Ongoing underperformance and high fees are making investors bail out of hedge funds, with a net $94.3 billion removed starting from the beginning of 2016. Strong performances by most markets empowered hedge fund industry assets to increase by $78.8 billion in the main quarter of 2019 to $3.18 trillion worldwide, around 2% below the record level of $3.24 in the second from last quarter of 2018, as per HFR.

The expansion of hedge funds, with more than 11,000 estimated to be in operation today compared with less than 1,000 funds 30 years prior, has additionally brought about some downward pressure on fees. The average fund as of now charges a management fee of 1.5% and 17% performance fee, compared with 1.6% and 20% 10 years prior.

Hedge fund managers are additionally going under pressure from legislators who need to rename performance fees as ordinary income for tax purposes, instead of capital gains. While the 2% management fee charged by hedge fees is treated as ordinary income, the 20% fee is treated as capital gains on the grounds that the returns are normally not paid out however are treated as though they were reinvested with the fund investors' monies. This "conveyed revenue" in the fund empowers high-income managers in hedge funds, venture capital and private equity to have this income stream taxed at the capital gains rate of 23.8%, rather than the top ordinary rate of 37%. In March 2019, Congressional Democrats once again introduced legislation to end the much-criticized "conveyed interest" tax break.

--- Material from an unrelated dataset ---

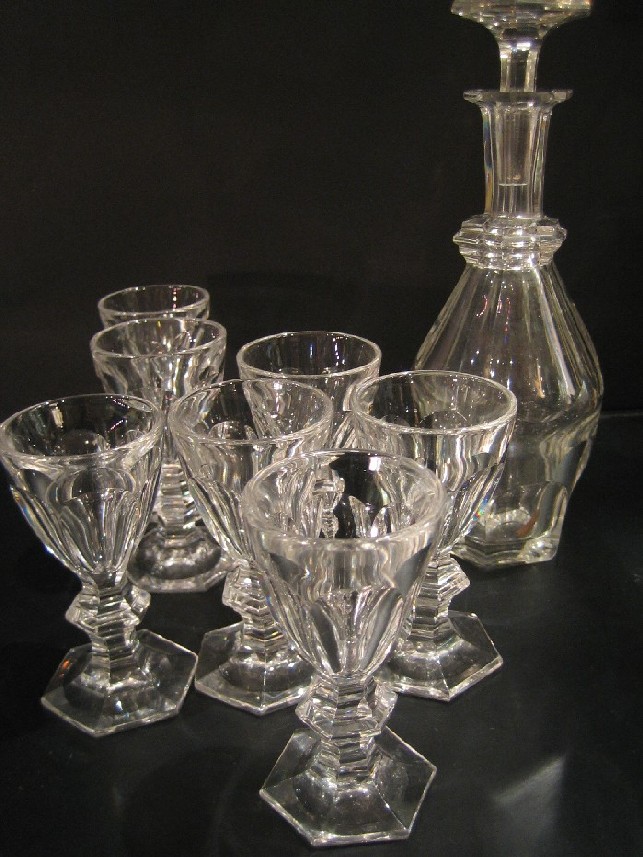 Charmante petite carafe, entourée de 7 verrs à liqueurs à la réalisation très soigné ... |

An Example of Two and Twenty

Expect speculative hedge fund Peak-to-Trough Investments (PTI) had $1 billion in AUM toward the beginning of Year 1, and is closed to investors. The fund's AUM develops to $1.15 billion toward the end of Year 1, yet toward the end of Year 2, AUM tumbles to $920 million, before bouncing back to $1.25 billion toward the end of Year 3. In the event that the fund charges the standard "Two and Twenty", the total annual fees made by the fund toward the end of every year can be calculated as follows -

Year 1:

Fund AUM at beginning of Year 1 = $1,000M

Fund AUM at end of Year 1 = $1,150M

Management fee = 2% of year-end AUM = $23M

Performance fee = 20% of fund growth = $150M x 20% = $30M

Total fund fees = $23M +$30M = $53M

Year 2:

Fund AUM at beginning of Year 2 = $1,150M

Fund AUM at end of Year 2 = $920M

Management fee = 2% of year-end AUM = $18.4M

Performance fee = Not payable as high watermark of $1,150M has not been surpassed

Total fund fees = $18.4M

Year 3:

Fund AUM at beginning of Year 3 = $920M

Fund AUM at end of Year 3 = $1,250M

Management fee = 2% of year-end AUM = $25M

Performance fee = 20% of fund growth above high watermark = $100M x 20% = $20M

Total fund fees = $25M +$20M = $45M

Highlights

  • Two alludes to the standard management fee of 2% of assets annually, while 20 means the incentive fee of 20% of profits over a certain threshold known as the hurdle rate.
  • This lucrative fee arrangement has brought about many hedge fund managers becoming multi-tycoons or even extremely rich people, however has come under close examination from investors and government officials in recent years.
  • A high watermark might be applicable to the performance fee; it indicates that the fund manager may be paid a percentage of profits assuming the fund's net value surpasses its previous highest value.